Development: What was a hypothesis up to the preliminary stage, with the inspection and the direct relationship with people, can become the way forward to tell a story. I always try to identify a nucleus of people with whom to interact and through them, broaden the network of social relationships, in such a way as to collect a transversal narrative that becomes collective from the personal. This is the most delicate phase, since in this moment the bonds are established that will give birth to the project still on paper. In this phase I also try to see and digitally duplicate even the family albums / those images that you have kept-forgotten, can become a good starting point for the final phase of the work.

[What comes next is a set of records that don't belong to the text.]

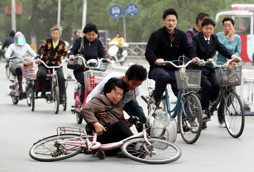 4月15日,在河南许昌建设路上,一位王姓骑车老人被大风吹倒,连人带车摔倒在地。途经此处的当地媒体一名记者跑步上前,急忙搀扶起老人。当日,受北方冷空气东移南下影响,河南省许昌市遭遇大风降温天气,大风使得市民们寸步难行。
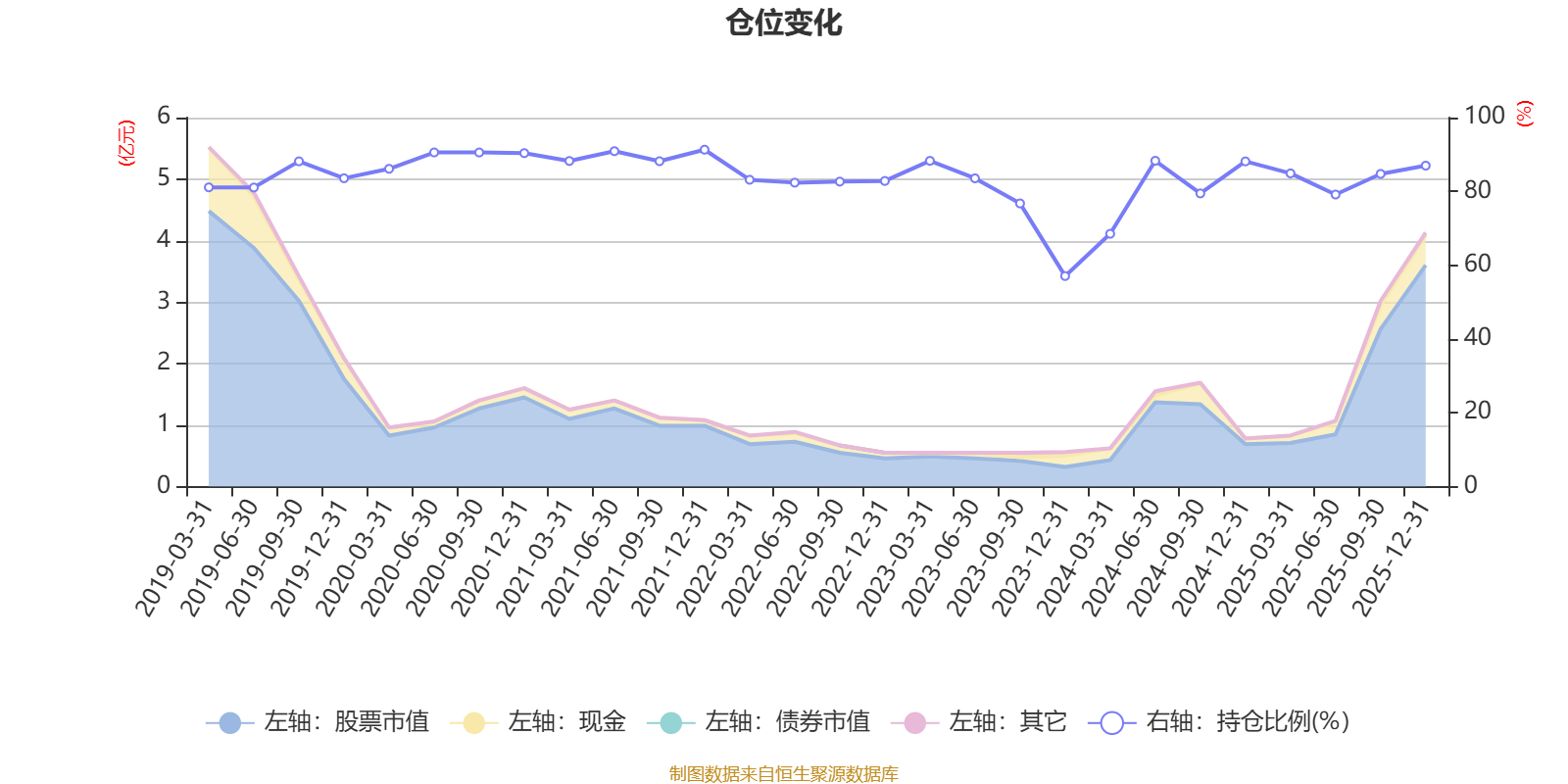 据定期报告数据统计,近三年平均股票仓位为80.48%,同类平均为84.04%。2021年末基金达到91.31%的最高仓位,2023年末最低,为57.06%。
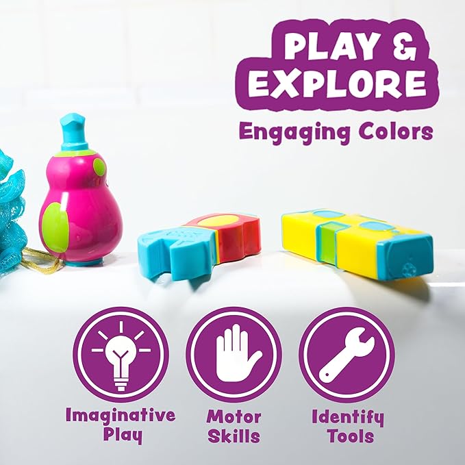 • PLAY & EXPLORE: Spark imaginative play, create bath games & identify tools with kids bath toys! Squeezable designs help develop fine motor skills & vibrantly colored kids tool set keeps kids engaged.
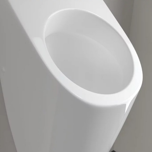 За рахунок спеціально спроектованого нахилу задньої стінки бризки рідини в пісуарі Villeroy & Boch стікають вниз для максимальної гігієнічностітуалет або домашня ванна кімната. Пісуар із захистом від бризок легко чистити. Спеціальна конструкція розбиває струмінь сечі і спрямовує його прямо в стічний отвір.

Production: I have to digress here. As far as moving images are concerned, between photography or frames there is no real clear distinction – at the level of the final formal presentation of course there is, but in the production phase in which I create the materials digitally, I do not go far from conceive images and objects as documents or archival documentation, even if they are filmed. The element that really varies is the viewer and his relationship with time and the story told through the image. So the relationship with time is the cornerstone of the whole process. If I choose to take a photograph rather than a film, it is because I want to reflect on the time of use in relation to the time that underlies the work. In the case of La Tempesta, all those objects that have remained on the ground to decompose or transmute over time, with the ground conceived as an open-air archive, are part of the photographic project. There are objects from the 1966 flood (flooded nineteenth-century plaster casts or photographic plates, or photographs with oxidized silver salts found under the cellars) and there are objects from the ground left by Tempesta Vaia – 2018, molds and transfigured wood (the lunar mountain landscape and the bark beetle woodworms).
In any case, the production of the work is the moment in which in the cinema we say “ciak si gira!”. After having organized the entire production machine, empowering the people who will collaborate with me, having viewed the photographic material, we go to create the images. “On set” with people I spend a lot of time. It usually takes me 90 minutes to do an interview, so you can get an overview of emotions, from the initial pre-set embarrassment, to the intermediate phase in which you forget the camera, to the final phase in which you have run out of every topic and talk about something else. I waste a lot of time “chatting” and I find it functional to my work and projects, as it is the relationships that surround the images that interest me.

Contaminations

Digital archives, digital archeology. In this universe made of images, contaminations and hybridizations occur through various states of the image itself, from paper photographs, to digital, to clouds, to big data used for predictive and reconstructive purposes. At a behavioral level, photographing has become a simple gesture, part of a personal ritual that nevertheless becomes collective. This assumption transpires very well from my work Il Cielo Stellato, where through an open call I collected thousands of photographs of the same object destined for destruction. Those photographs as a whole can digitally reconstruct, through the technique of photogrammetry, what is no longer visible. Photogrammetry of this type is used in the archaeological field, but it is a technique of primarily military origin, when Oskar Messter – during the First World War – put a stereoscopic rifle under the belly of an airplane to make three-dimensional surveys of enemy territory. . With the same technique, but in a much more precise and sophisticated way, with drones it is possible to reconstruct the entire morphology that surrounds us in three dimensions, including cities and woods. During the studies on Palmyra this intuition emerged with all its strength, as the international archaeological community collected millions of photographs also taken by tourists, to map and reconstruct the entire archaeological site. In 2016 a part was reprinted in 3D.